Почему мне вспомнилась вдруг моя студенческая эпоха? Потому, наверное, что я лежал в тесном и темном сухом «кармане» беджа, убаюкиваемый его неторопливой поступью, и под толстой теплой кожей моего транспорта что-то негромко монотонно клокотало (легкие? сердце? какой-нибудь парапсихический орган?) – и едва уловимо пахло сеном. Да, да, сеном той давней поры. Мой транспорт или любил по вечерам поваляться на сеновале, или использовался для перевозки сена, или просто был сенным беджем. И никакое болото не могло заглушить этот приятный, чуть печальный запах, волнующий память.
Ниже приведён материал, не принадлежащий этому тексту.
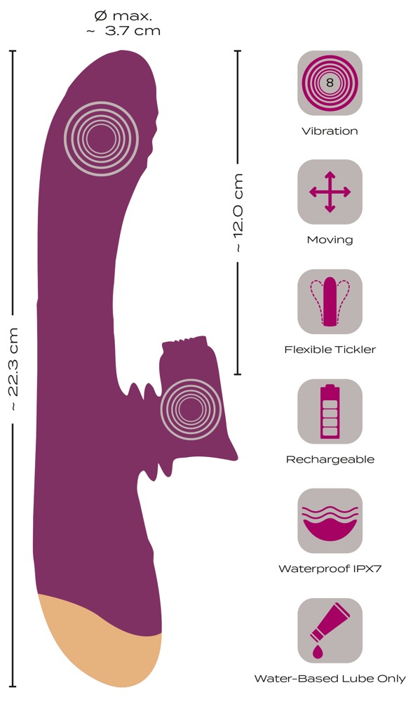 The handy 2 Function Vibrator with Moving Clitoris Tickler from Javida provides internal and external pleasure at the same time! It provides deep vaginal and G-spot stimulation, thanks to its curved shaft and grooved vibro-head. The soft, dotted, flexible vibro-arm provides spot-on clitoral pleasure. It moves rhythmically back and forth (moving) but it always hits the spot. Double orgasm power at the push of a button!

Ведь прошлое оживает в нас не только с образом, словом и звуком – достаточно бывает всего лишь запаха, едва уловимого запаха… Настурций… свежей масляной краски… прибрежной тины… сена…
Я как-то сразу уверовал в то, что беджи – отнюдь не грозные болотные монстры-пожиратели трупов, а добродушные умницы, с которыми можно при желании найти общий язык. И не стоило мне их пугаться тогда, на болоте. И может быть Донге перестраховалась с дымовой завесой, давшей нам обоим возможность стать незамеченными пассажирами. Может быть беджи и безо всяких уловок обеспечили бы наш проезд… хотя, конечно, девушка действовала вполне продуманно, стараясь свести к минимуму степень риска. Наверное, у нее были основания – я-то по-прежнему оставался в неведении относительно прошедших и грядущих событий в этом новом мире.
Я уверовал в миролюбие и понятливость беджей, и спокойно дремал в своей уютной каюте, пронизанной запахом сена, и что-то поднималось из глубин, какие-то обрывки… осколки… кусочки мозаики, из которых можно было попытаться выложить пусть неполный, пусть схематичный и грешащий неточностями, но все-таки узор…
Узор разрастался, становился все более четким. Приходило туманное знание…
…Свершилось ли это по чьему-либо наущению, или было предопределено от века, или являлось чьей-то непоправимой ошибкой, или все же именно так и было записано изначально в Книге судеб этого мира – о том сейчас неведомо никому. Известно другое: во времена столь древние, что совсем иным был рисунок созвездий, и еще не горели над горизонтом зеленые глаза двух лун, и море плескалось на месте Срединной пустыни, воины легендарного основателя державы красноликих гигантов Баодда обнаружили в пещере в глубине мертвой долины Плоды Смерти. Это были именно Плоды Смерти – так возвестила Зрящая Суть с порога своего храма, выдолбленного в толще скалы, когда принесли ей Плоды Смерти, чтобы она постигла их сущность. Она забрала Плоды Смерти и спрятала их в тайнике своего храма, дабы они никогда и никому не принесли беды.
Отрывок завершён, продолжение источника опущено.